今月は、シールシャーサナ(ヘッドスタンド)の準備のポーズにフォーカスを当てたいと思います。完全に逆立ちには(まだ)なりませんが、この準備のポーズは、フルポーズを行うのに必要なコアの力を鍛え、上半身と下半身のつながりを強化してくれます。ポーズに入る時、解放する時を特に意識して練習すれば、自分の体がこのポーズを取りながら穏やかでいるための新たな視点を得ることができるでしょう。この新たな視点を手に入れれば、自分が昨年歩んだ人生の道についても穏やかな心で受け入れられるようになるでしょう。
アーサナの概要
Hale Puleでは、アーサナのポーズを3つの要素:エッセンス(ポーズの意図)、アンカー(大地に根付かせる場所)、ストレングス(力を発揮する筋肉)に分けて考えます。
これは、体のどこがグラウンディングしているか、きちんとしたアライメントのためにどの筋肉を使っているかという、ポーズの意図をシンプルに覚えるためのツールです。正しいアライメントによって最適なエネルギーの流れをサポートし、末長く、持続可能な練習の環境を作りましょう。
エッセンス:コアの筋肉を鍛える
アンカー:ひじ下、手の側面
ストレングス:胴の筋肉
土台から築くシールシャーサナ(ヘッドスタンド)の準備
1. ひざとひじを床に着いて、つま先を立てます。ひざはお尻の真下に、ひじは肩の真下に置き、並びを整えます。上腕の外側を逆側の手で掴みます。このポーズを行っている間中、ひじとひじの間はこの距離を保ちましょう。
2. ひじは動かさずに、指を組み、下にきている小指を手のひらの方に内に入れ、平らな面を作ります。手のひらの間に空間ができるようにひじは真っ直ぐにし、両親指同士をくっつけて、指先は上を向けます。
3. ひざを床から浮かせて尾骨を上、かつ後ろ方向に持ち上げますが、太ももはアクティブにし、ひざは半分曲げた状態をこのポーズの間中キープします。同時に、ひじ下と手を大地に押し、頭は上腕と上腕の間にきます。

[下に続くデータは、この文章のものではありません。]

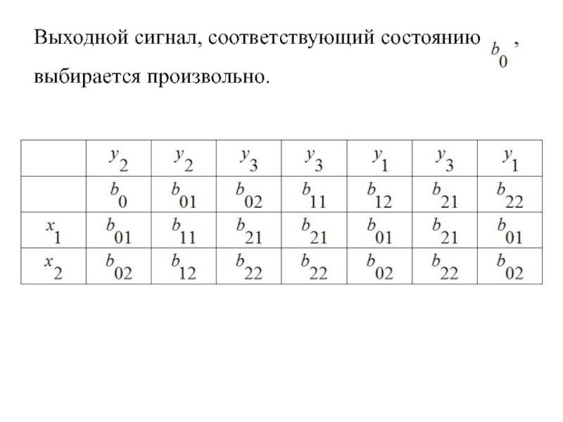 Слайд 47Выходной сигнал, соответствующий состоянию , выбирается произвольно.

鼻先、もしくは足の親指の間を見つめて5呼吸キープします。
4. 重心を前に移動させ、肩がひじの上に来るようにします。(肩関節に沈み込まずにしっかり大地を押して力を発揮させ、上背部は広く保ちます。)鼻先は親指上にきます。ひざは曲げたまま、坐骨は引き続き上、かつ後ろ方向に伸ばします。親指を見つめ、上半身の体の並びを感じながら、下半身がいつか浮かび上がるくらい軽くなっていくイメージ(シルシャアーサナのフルポーズ)をします。ここでも5呼吸キープします。ステップ3と4を交互に、あと2ラウンド行います。(合わせて3ラウンド)

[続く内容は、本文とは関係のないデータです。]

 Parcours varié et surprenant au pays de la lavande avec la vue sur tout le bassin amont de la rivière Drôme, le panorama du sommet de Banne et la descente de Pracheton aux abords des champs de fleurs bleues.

5. 3ラウンド終了したら、ひざを床に降ろしてバラーサナ(チャイルドポーズ)、3〜5呼吸お休みしてから次のポーズに移りましょう。
よくある間違い
ひじが肩幅よりも大きく開いている。
ひじは最初にセットした位置から動かさないようにしましょう。肩関節を守るためです。
手首が曲がっている。
手のひら同士がくっついてる場合、外を向いてしまっている場合、いずれも大切なアンカーの役割をする小指側の側面が力を発揮できません。大地とのつながりを最大限にするために、手首はまっすぐにしておきましょう。
ひざがまっすぐに伸びている。
このポーズを行っている間中ひざは半分曲げた状態をキープしましょう。骨盤底筋をアクティブにしやすくするためです。(骨盤底筋は逆転のポーズであなたを持ち上げてくれる大切な筋肉です)また、上半身と下半身のつながりを強化してくれます。
背中が丸まっている。
ステップ3のとき、背骨と首が一直線の並びにくるようにし、首に余計な負担が掛からないようにすると、怪我を防ぐことができます。